“When black women move, the entire world moves with us.” This important statement by philosopher and activist Angela Davis is becoming more and more real and objective for Brazilian black women.
Looking back at Brazil’s history, the understanding of intersectionality between gender, class, and race, an increasingly strong black feminism, and the rise of governments connected to social movements as of 2003 has opened room for the demands of women’s and black movements to be included in the country’s political agenda.
Aiming to strengthen the Afro-Latin American and Afro-Caribbean Women’s Day, celebrated on July 25th, and responding to the demands of Brazilian black women’s movement, the then president Dilma Rousseff signed a law in 2014 establishing the day as the National Tereza de Benguela and Black Women’s Day.
Tereza de Benguela was a quilombola leader who lived in the state of Mato Grosso in the 1800s. A quilombola is a resident of a quilombo, settlement set up in Brazil’s rural areas, mostly by escaped enslaved people of African descent. After her partner died, she became the leader of the Quilombo do Piolho, between 1750 and 1770. For two decades, the quilombo she led gathered more than one hundred black and indigenous people. Not only did they fiercely resist slavery, they also created a solid social organization.
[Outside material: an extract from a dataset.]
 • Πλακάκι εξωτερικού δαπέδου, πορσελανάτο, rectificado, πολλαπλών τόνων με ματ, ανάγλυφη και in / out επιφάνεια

Addressing Tereza de Benguela, black women, and Afro-Latin American and Afro-Caribbean women by establishing a day of struggle is, undoubtedly, an important tool for Brazilian black women to have the opportunity to strengthen a sense of identity, by seeing themselves in the story of so many black women who were central characters in the struggle for freedom and rights, but have been silenced and invisibilized in official historiography.
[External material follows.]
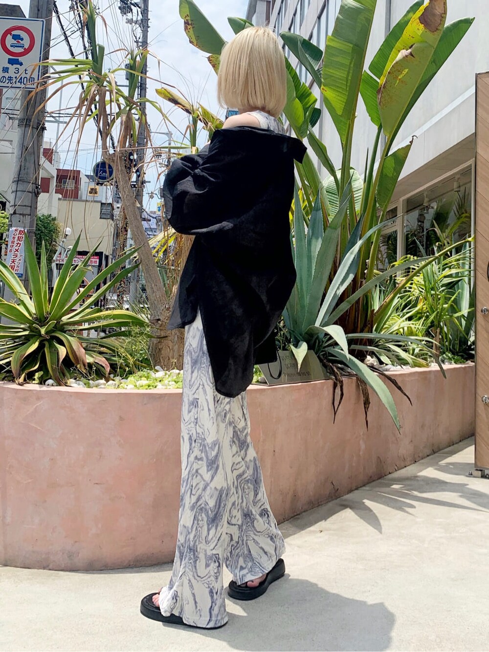 トレンドのシアーシャツを使ったコーデ♡ シャツはお尻まですっぽり隠れるオーバーサイズで、黒でも透け感があるので重たくなりすぎず夏場でも使っていただきやすいです♩ プリーツ素材のセットアップは、夏らしい涼しい素材感で、しわなども目立ちにくいので楽に着ていただけます! パンツもシルエットが出にくいのに脚を細く長く見せてくれる効果があるので、楽に美脚見せできます♡ こういう夏らしい楽なコーデには絶対ストラップサンダル!! ぺたんこデザインだけど少し厚底なのでカジュアルになりすぎず、きれいめなスタイルでもお使いいただけます♩

On the following day, July 26th, the state of São Paulo celebrates the Curly Hair Pride Day. One of the several goals on this day is to strengthen the African-Brazilian ethnic identity, as hair straightening was one of the most common forms of oppression of black people’s ethnic identity in post-slavery Brazil. The bill that proposed the Curly Hair Pride Day was brought forward by member of state parliament Leci Brandão, a black woman with strong ties with black culture, social, and political movements. It is worth highlighting that strengthening and expanding these agendas is fundamentally about including women – black or not – in political power and decision making. The two awareness days mentioned, for example, were proposed and/or signed into law by women.
These lawmaking efforts are directly reflected in political mobilization. Both on the Afro-Latin American and Afro-Caribbean Women’s Day and the Curly Hair Pride Day, thousands of black women take to the streets all over Brazil, marching for their right to be and exist in a society without violence, where well-being and equal opportunities prevail.
These demands are hard to comprehend, especially in a country that is effectively racist, sexist, and classist such as Brazil. But they are not impossible for those who are willing to acknowledge their own privileges and look at our own history through critical lenses.
For starters, I invite you to check the many events scheduled to happen around this agenda, and also to take part in the Black Women’s March in São Paulo today. This year’s slogan is “For us, for all of us, and to live well! We demand the end of State violence and negligence.”
The Black Women’s March will start at 5pm local time at Roosevelt Square, in downtown São Paulo.